I remember one show, perhaps about 1960, had a minstrel routine. My dad was really scrawny back then (probably weighed all of 135 lbs), and he was the "pappy" and the banker (a portly man) was the "mammy", while the singing quartet (the actual talent) were the "boys." They would talk for a few lines, then the boys would sing a song (an old spiritual or something like that). The singing was pretty good, but the rest of that routine was unthinkable with today's sensibilities.

The highlight of the evening was the last act, where about 20 local farmers (not in blackface), put on tights and tu-tus and did a ballet routine, while Mrs. Hayes played the piano. They were actually very well practiced (would turn in unison, etc.), but whenever they would jump and land, it made the sound of 20 hammers hitting the wood. It was so funny.
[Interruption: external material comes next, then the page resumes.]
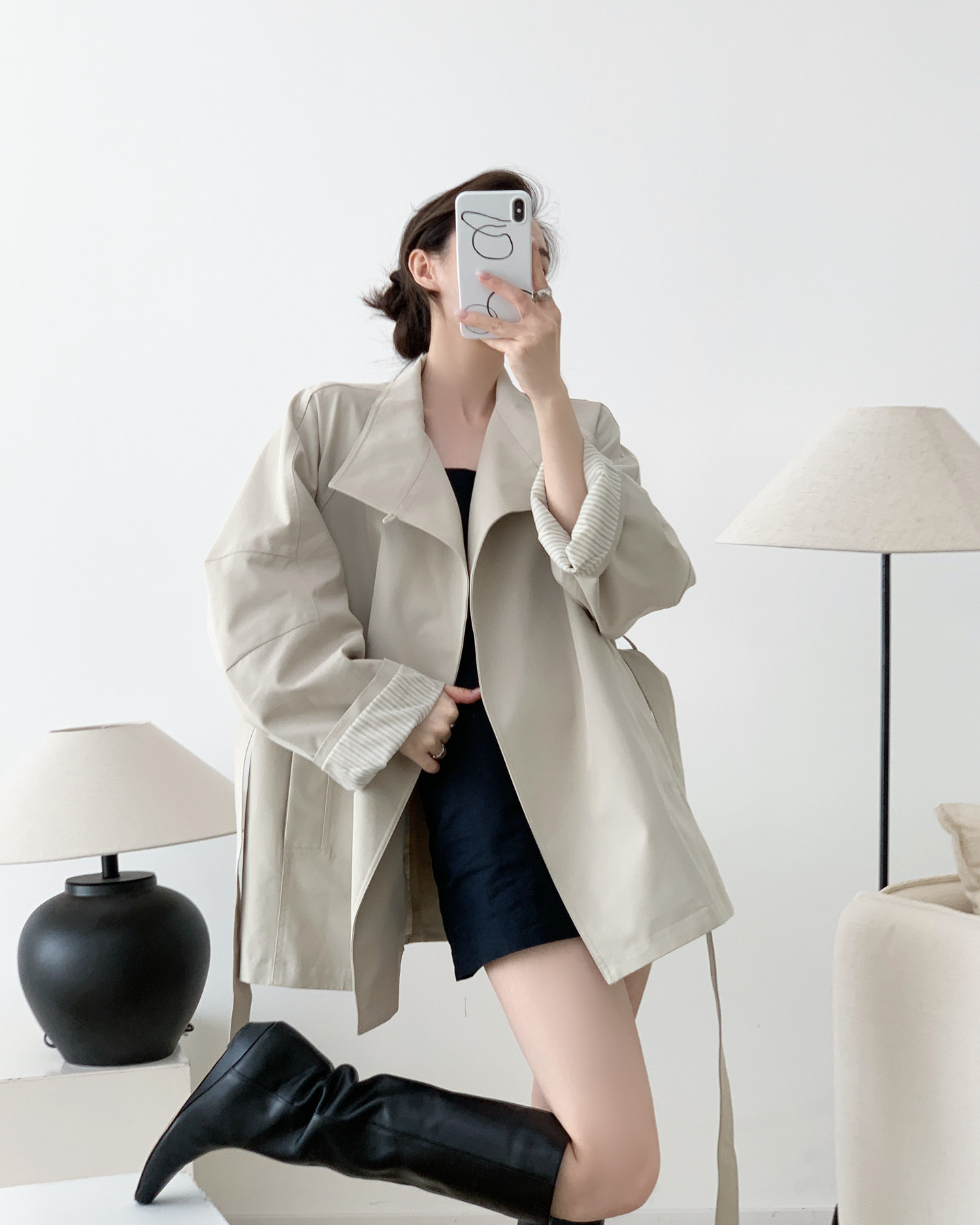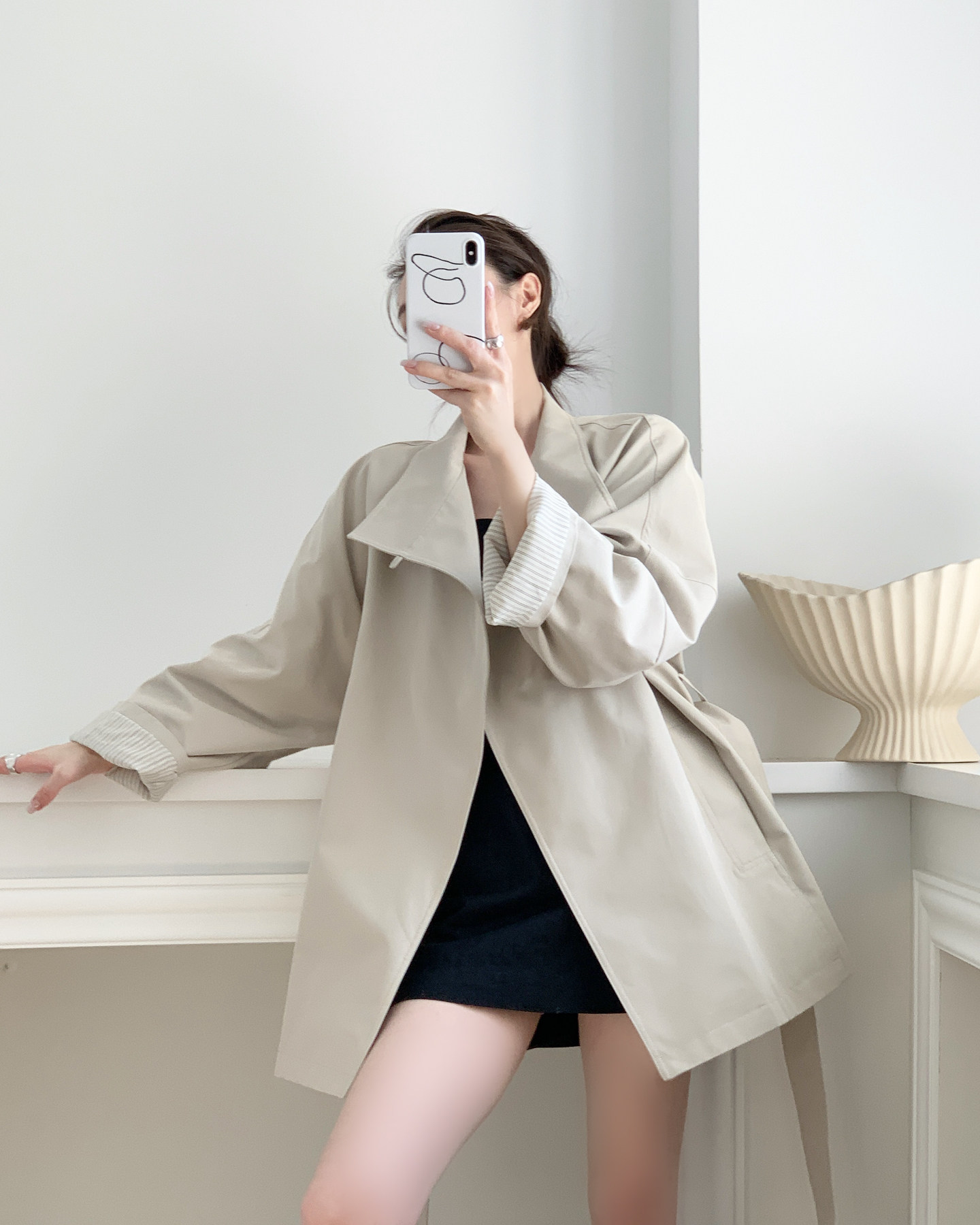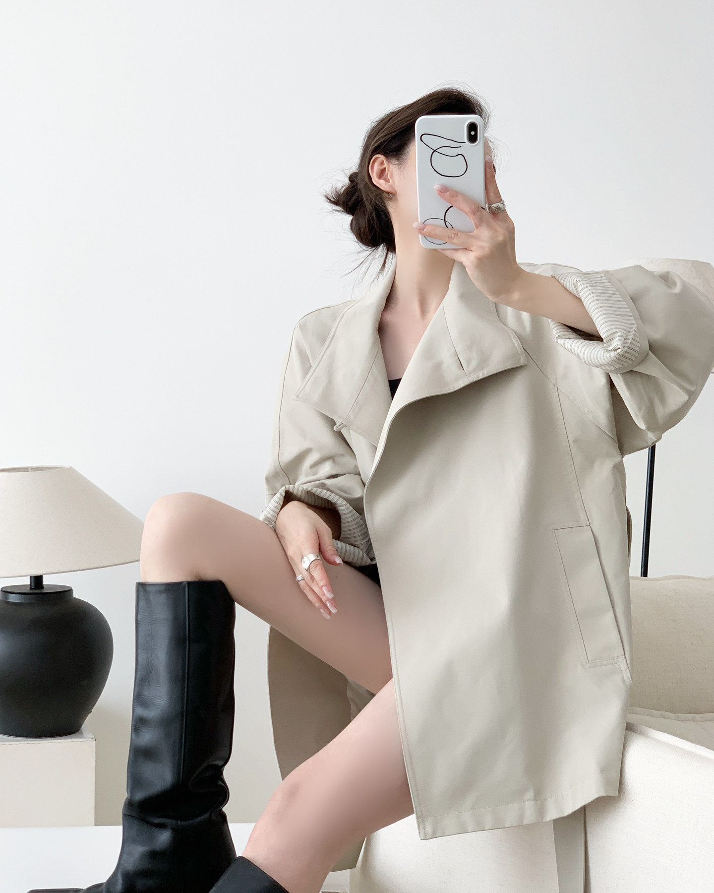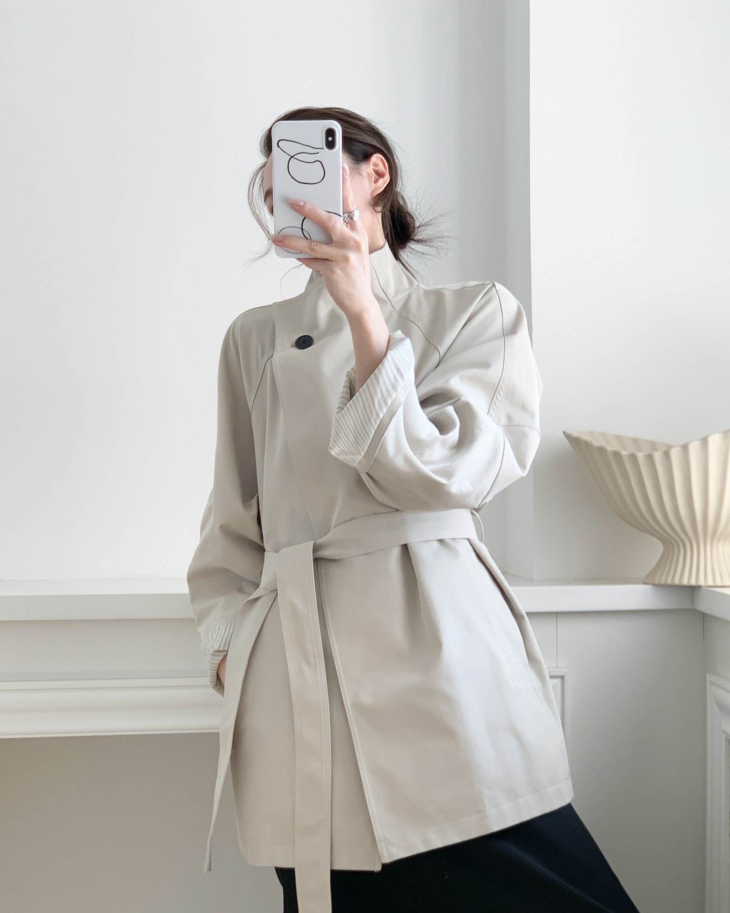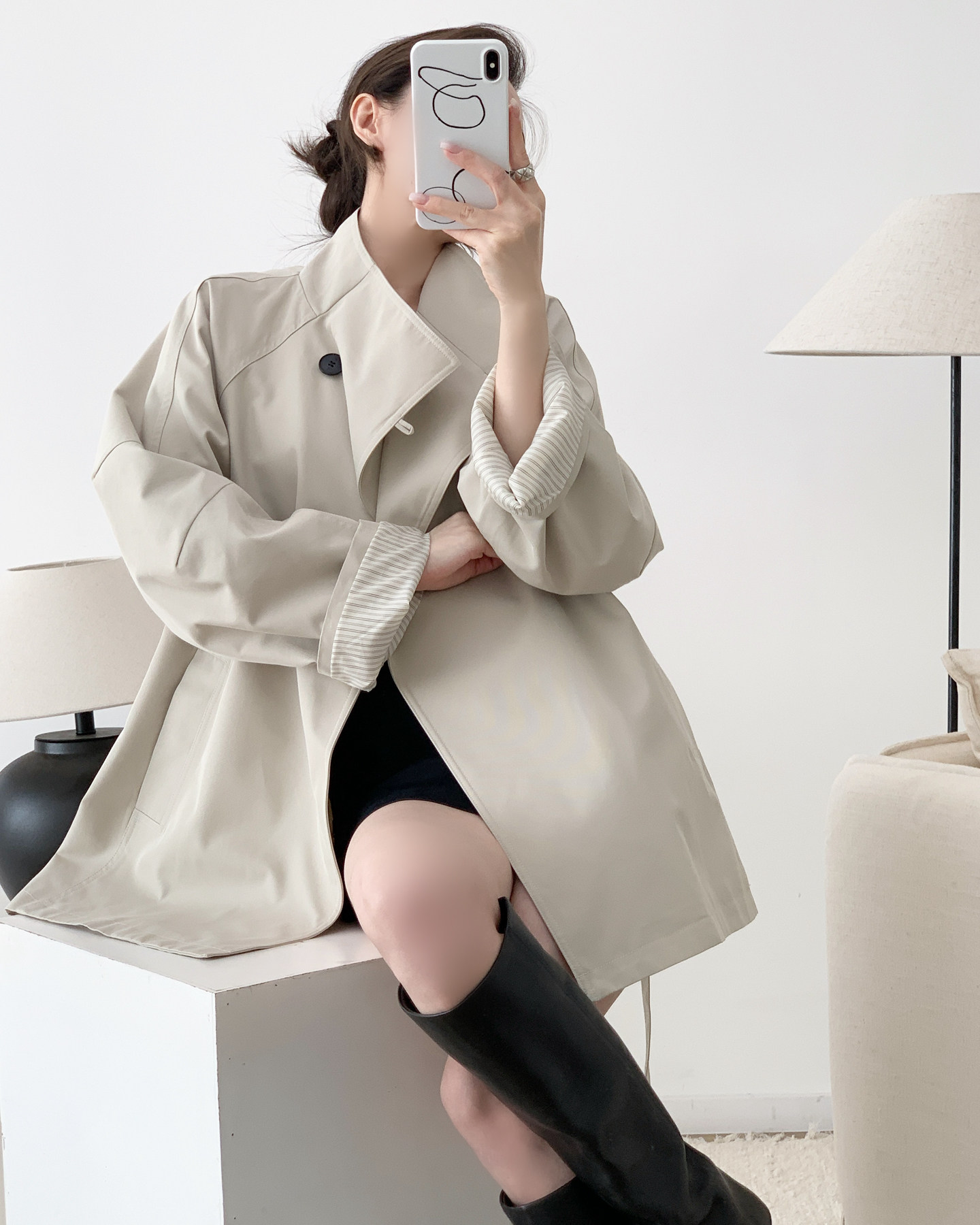 版型寬鬆休閒與通勤並存,長款百搭且氣場強,短款慵輕鬆幹練,布料選用斜紋棉混紡布料,挺括有型,立領設計簡約大氣,領子簡約一粒明扣設計,營造自然斜門襟效果,胸部兩側有貼袋設計,豐富層次感,袖口拼接條紋袖裡,翻折穿著時增加休閒細節。

Apart from the blackface routine, though, those local shows, were pretty amazing...you'd never get people to participate in things like that today.

RJ Goos
01/07/04 20:56:28

Billy Bucher wrote:

RJ,
I grew up in Atlantic, Iowa. Were you anywhere close to there? I wonder if Arthur is still being a snow plow?
Billy Bucher
http://www.bloggard.com/hobnob
01/08/04 21:30:53

RJ Goos wrote:

Billy....I seem to recall staring at the ceiling of the Atlantic High School gymnasium for three or four very long minutes in 1971 or so. Such was typical of my wrestling career at Treynor High.
RJ
01/09/04 05:24:31

Billy Bucher wrote:

RJ,
Wow, that is close. Wrestling was bigger up there, I think. I used to do that, too, but I ended up cracking a rib. Ouch!!! Coached the Atlantic Swim Team when I was home from college in the summer and swam against Red Oak and Shenandoah among others and we used to hang out in Griswold a lot at a coffee shop. Will be more about Iowa in my upcoming posts on the Hob Nob site.
Over Christmas met up with a guy in Austin, TX, whom I'd not seen since we graduated more years ago than I care to remember. I have been through Treynor.
Oh, hi, Bloggard, 'cuse me but us Iowa guys are just jawin'. I'll shut up now.
Billy Bucher
http://www.bloggard.com/hob...
01/09/04 10:52:01

bloggard wrote:

Iowa, Iowa, hmmmm. That's over by mississippi, right?
01/09/04 11:14:47

RJ Goos wrote:

The part I was from was actually closer to The Missouri than The Mississippi...
01/09/04 15:02:59

Billy Bucher wrote:

And I bet RJ Goos had a basement like the one I wrote about having.
Bloggard, now you aren't thinking of Alabama are you?
Just kidding. I spent a few years in Decorah and a few in Tipton and they were both near the Mississippi.
Now you are ready for the quiz shows.
Billy Bucher (And we're going for a number of comments record in a single post.)